China says exports to Russia in line with its law, regulations
BEIJING, Feb 9 (Reuters) - China has always required its firms to strictly abide by domestic laws and regulations, a commerce ministry spokesperson said on Thursday, when asked if China had exported navigation equipment, jamming technology and fighter-jet parts to Russia.
The Wall Street Journal reported on Saturday that Chinese state-owned defence companies had provided technology, including navigation equipment, communication jamming technology and aircraft parts that Russia's military needs, citing Russian customs records.

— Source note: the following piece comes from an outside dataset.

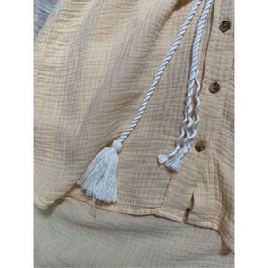 No rips or stains but rope tie belt shows unraveling on one side. Please see photos and use zoom.

"The Chinese government has always required enterprises to strictly comply with national export control and other laws and regulations ... and ensure that relevant exports are in line with China's national security interests and international interests," ministry of commerce spokesperson Shu Jueting told a regular briefing.
China's state-owned assets regulator did not respond to a Reuters request for comment.

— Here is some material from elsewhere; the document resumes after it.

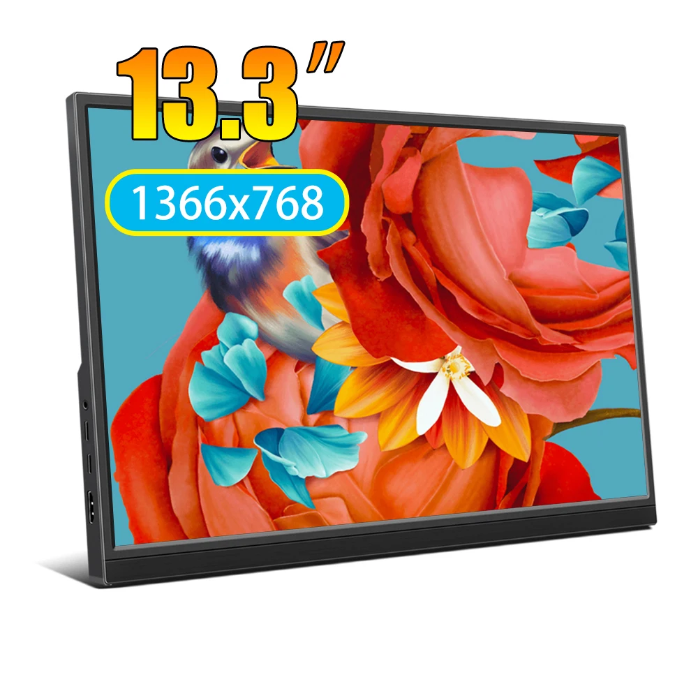 Monitor Portatile da 13,3 Pollici, Risoluzione 1366 * 768, Frequenza di Aggiornamento 60Hz, Display Leggero per Viaggi d'Affari e Gaming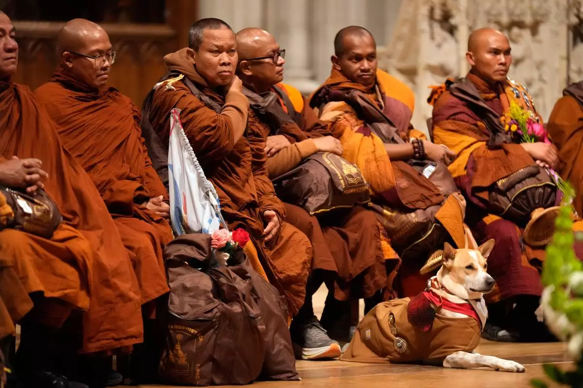 Aloka, a companion dog with Buddhist monks who are participating in a Walk For Peace, sits during an event at the Washington National Cathedral, Tuesday, Feb. 10, 2026, in Washington. (AP Photo/Mark Schiefelbein)

China's Anti-Foreign Sanctions Law, which came into force in June 2021, grants Chinese companies a legal basis for side-stepping international sanctions that have a detrimental impact on Chinese entities and results in them only having to comply with domestic laws and regulations.
The Group of Seven member states are discussing placing sanctions on companies in China, Iran and North Korea they believe to be providing Russia with military equipment, according to a report by Bloomberg.
China has consistently voiced opposition to what it considers to be "unilateral sanctions".
It has been over a year since Chinese President Xi Jinping and Russian President Vladimir Putin announced a strategic partnership with no "forbidden areas" of cooperation.
While China has repeatedly called for a ceasefire in Ukraine, it has refrained from condemning Russian military operation there or called it an "invasion".
China-Russia trade hit a record 1.28 trillion yuan ($190 billion) last year, according to China's National Bureau of Statistics, accounting for 3% of China's total trade. The Wall Street Journal and the South China Morning Post have both subsequently reported that among China's exports were parts and technologies with dual-use military applications.
Russia hosted Chinese Vice Foreign Minister Ma Zhaoxu in Moscow last week. Mutual political trust between China and Russia has continued to deepen, China's foreign ministry said in a statement following the trip.